Revivre tout le temps, tranquillement par Philippe Troyon

Philippe Troyon

Publié le : 20 janvier 20173 mins de lecture

Le 8 décembre 2012, en assistant à la projection du film Antigone au cinéma Le Méliès, avec les élèves, je me suis fait cette réflexion que ceux-ci vivaient plusieurs fois une expérience, une émotion. C’est tout de même une façon très singulière d’amener ces élèves dans une expérience intime, une expérience qui les transforme, qui les façonne trois fois de suite ! : texte – voyage – scène et écran. Ils sont acteurs d’une autre vie et créateurs des émotions qu’ils nous procurent.

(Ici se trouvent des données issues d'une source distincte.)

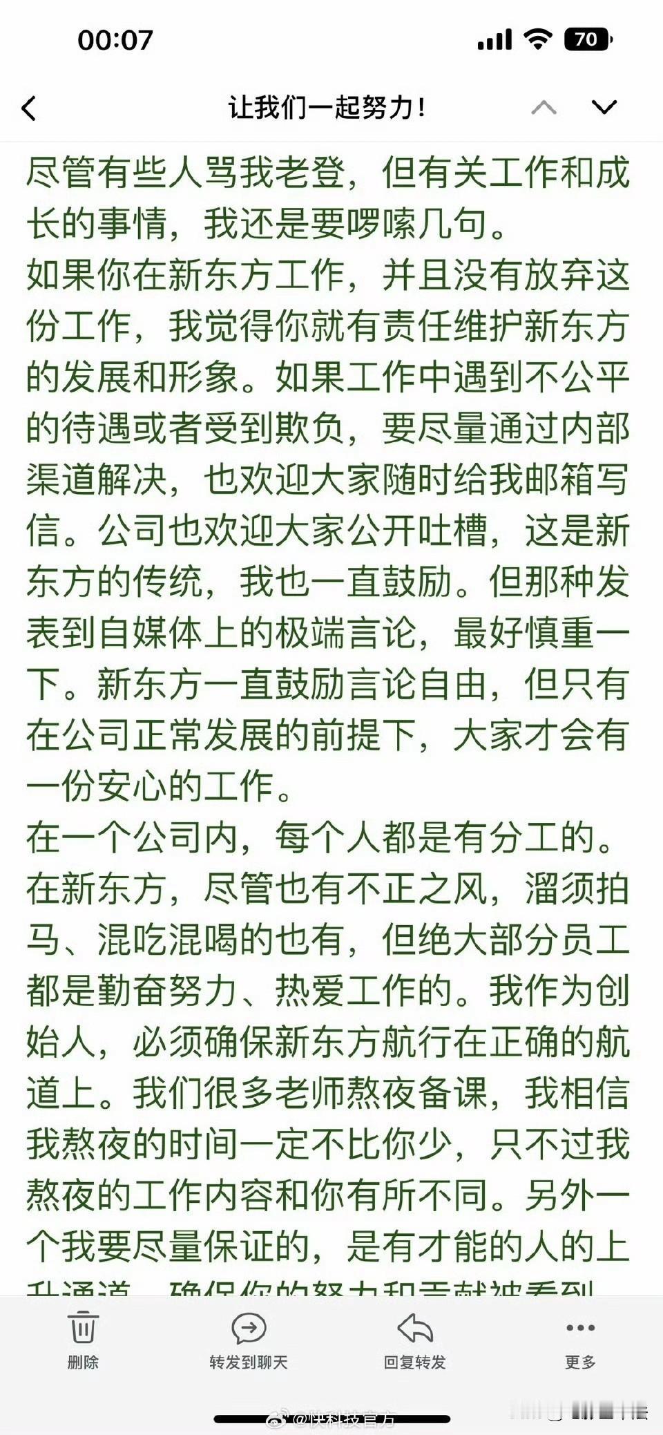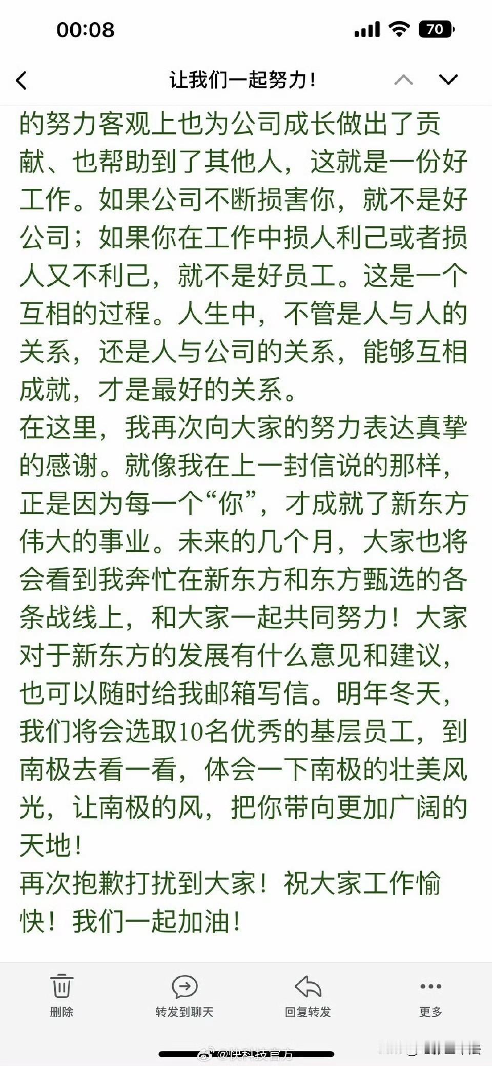 看完俞敏洪向员工再次道歉的长文,只能说俞敏洪确实是个企业家,不信你看如下要点: 第一,他诚恳的解释自己去南极旅游不是在炫耀,同时他认为一个愿意分享的老板比一个神秘的老板更能让员工放心; 第二,发信用红色字体没有特别含义,有些员工因此不开心了,他愿意道歉; 第三,去南极是受邀,主演目的不止是旅游,也是为了工作; 第四,老板与员工分工不同,但只要你还不放弃新东方的工作,你就有责任维护新东方的形象,鼓励公开发言,但是极端言论要慎重; 第五,他承认自己工作主观,但是他还认为客观上老板和员工必须得共赢; 怎么说呢,态度很诚恳,但没有一味的向员工低头,有理有据,没放弃自己的权利,也没放弃自己的原则,但也安抚了员工情绪,俞敏洪是条汉子,是个高手! 这事其实没法理性讨论,因为大家各自立场不同,但我想对那些不满俞敏洪去南极旅游的人说,“嫌打工赚的少,被老板压榨了,那就自己去创业!”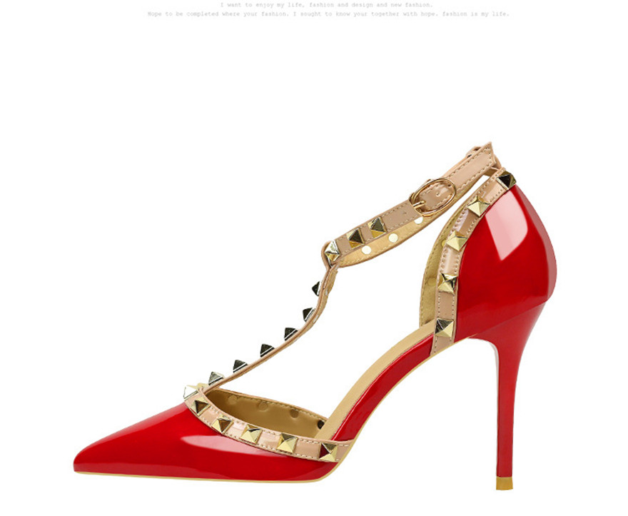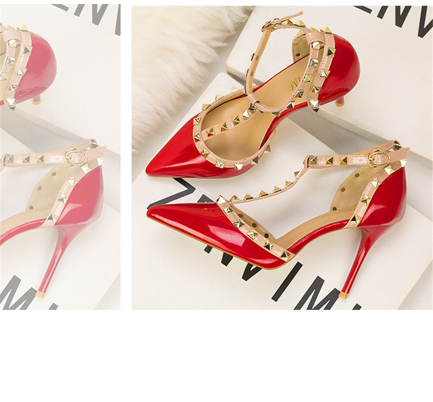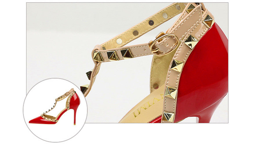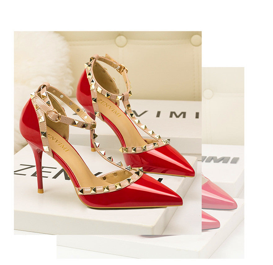 Rivet Details Solid Color PU Leather High Heel

Les images du film issues de toutes ces traversées dans l’espace et le temps, sont des images-mouvements. Chaque spectateur vit ce moment comme une expérience langagière. Avec des mots, des gestes, des sensations. Antigone entourée de tous ces personnages : je l’ai vu trois fois, trois fois en chair et en os, trois visages, trois voix, trois corps, je l’ai ressenti trois fois pendant leur voyage, sur les planches d’un théâtre, et sur la surface d’un écran de cinéma.

C’est pourquoi j’ai voulu encore revivre une autre expérience : celle du spectateur « en dessous de l’écran ». J’étais tout petit face à ces grands paysages et ces beaux visages. De surfaces mémorielles en surfaces mémorielles, je vivais une expérience unique qui n’a pas de nom, mais qui ressemble à un concept philosophique : mettre de la pensée entre les images, entre les émotions. Ma place de spectateur était devenue celle d’un acteur.

Pour reprendre le philosophe, Gilles Deleuze : « l’art consiste à libérer la vie que l’homme a emprisonnée . L’artiste c’est celui qui libère une vie, une vie puissante, une vie plus que personnelle, pas sa vie, mais la vie… »

Pour reprendre le philologue, Heinz Wismann : « dans sa propre langue, il y a une autre langue à découvrir. Héraclite est le premier à avoir poser la question de la langue dans laquelle la pensée s’exprime. La langue dit la réalité mais ne coïncide pas avec la réalité. Cette distanciation est une chance à ne pas coller au réel que nos sens nous fournissent et qui nous envahissent. Le détour par la langue fait que nous nous distancions du réel, et nous pouvons entretenir avec la réalité un rapport « critique ».

Le magnifique travail de cet atelier, montre combien il me paraît important d’insérer des temporalités artistiques dans le quotidien scolaire, pour y glisser de la pensée, et ainsi permettre la possibilité d’une parole juste et belle.